Collected data —
------------------------------------------------------------------------

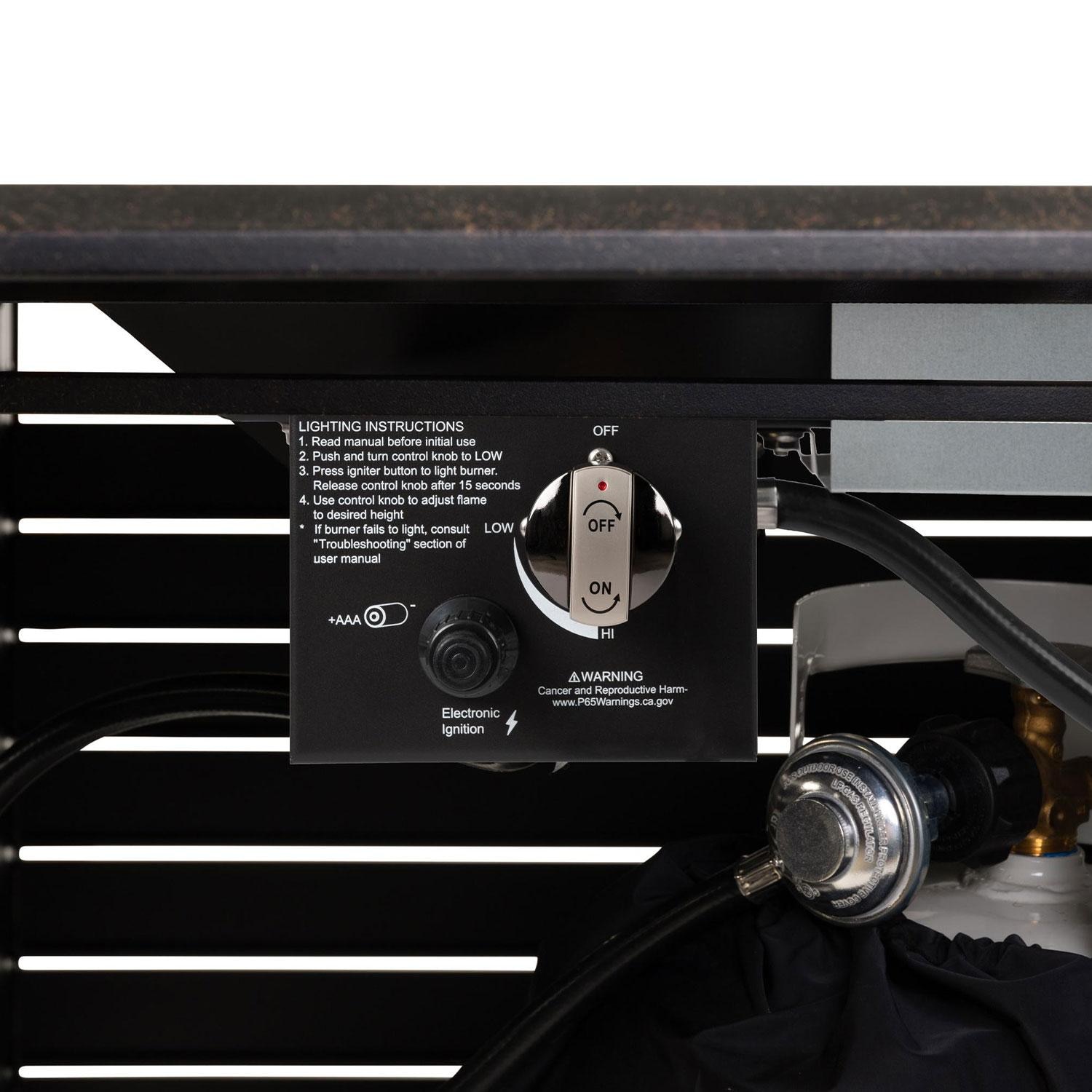 This fire pit table operates on a standard 20 lbs propane tank which is stored safely underneath the unit and is accessible through a hinged door. A propane tank cover is included to protect the tank from the elements.
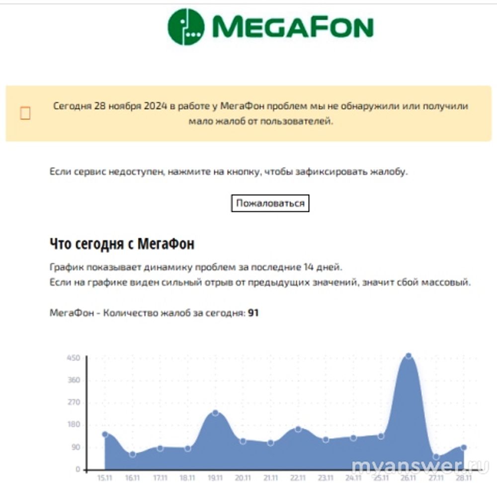В некоторых регионах не работает Мегафон 28 ноября 2024 года.
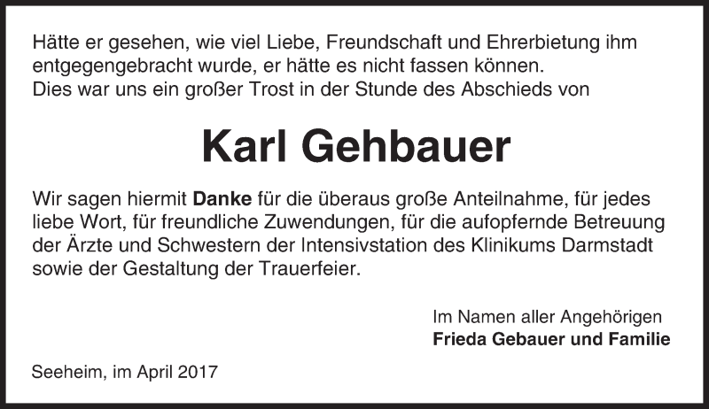 Hier finden Sie alle Traueranzeigen aus der Zeitung, die bisher für Karl Gehbauer erschienen sind. Weitere Traueranzeigen, die in der Zeitung erscheinen, werden hier ebenfalls aufgelistet
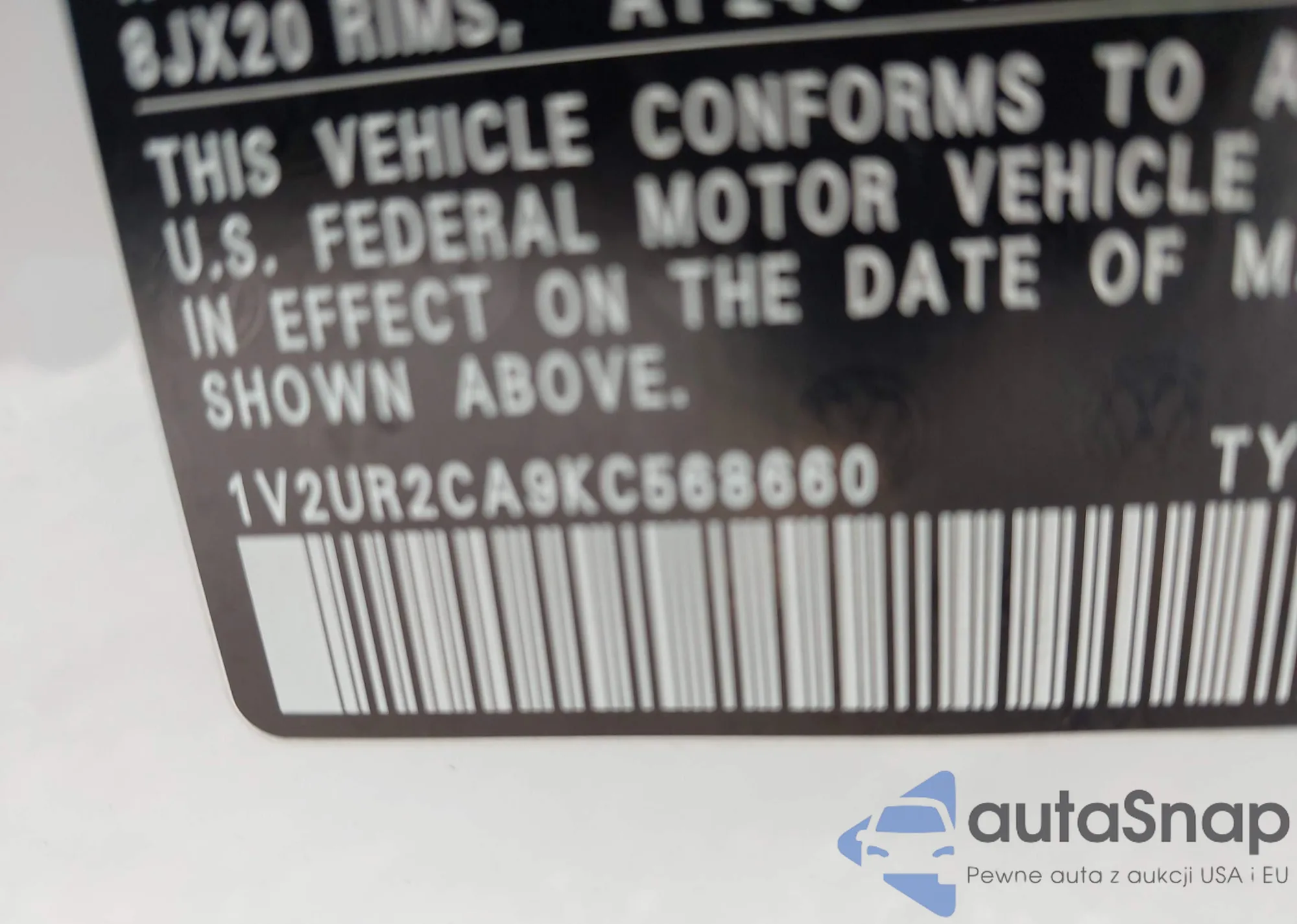 LOT: 43749358 VIN: 1V2UR2CA9KC568660

------------------------------------------------------------------------

Requirement — What is needed is an exact reproduction of the data, pictures excluded.

Solution for this exercise —
 This fire pit table operates on a standard 20 lbs propane tank which is stored safely underneath the unit and is accessible through a hinged door. A propane tank cover is included to protect the tank from the elements.
В некоторых регионах не работает Мегафон 28 ноября 2024 года.
 Hier finden Sie alle Traueranzeigen aus der Zeitung, die bisher für Karl Gehbauer erschienen sind. Weitere Traueranzeigen, die in der Zeitung erscheinen, werden hier ebenfalls aufgelistet
 LOT: 43749358 VIN: 1V2UR2CA9KC568660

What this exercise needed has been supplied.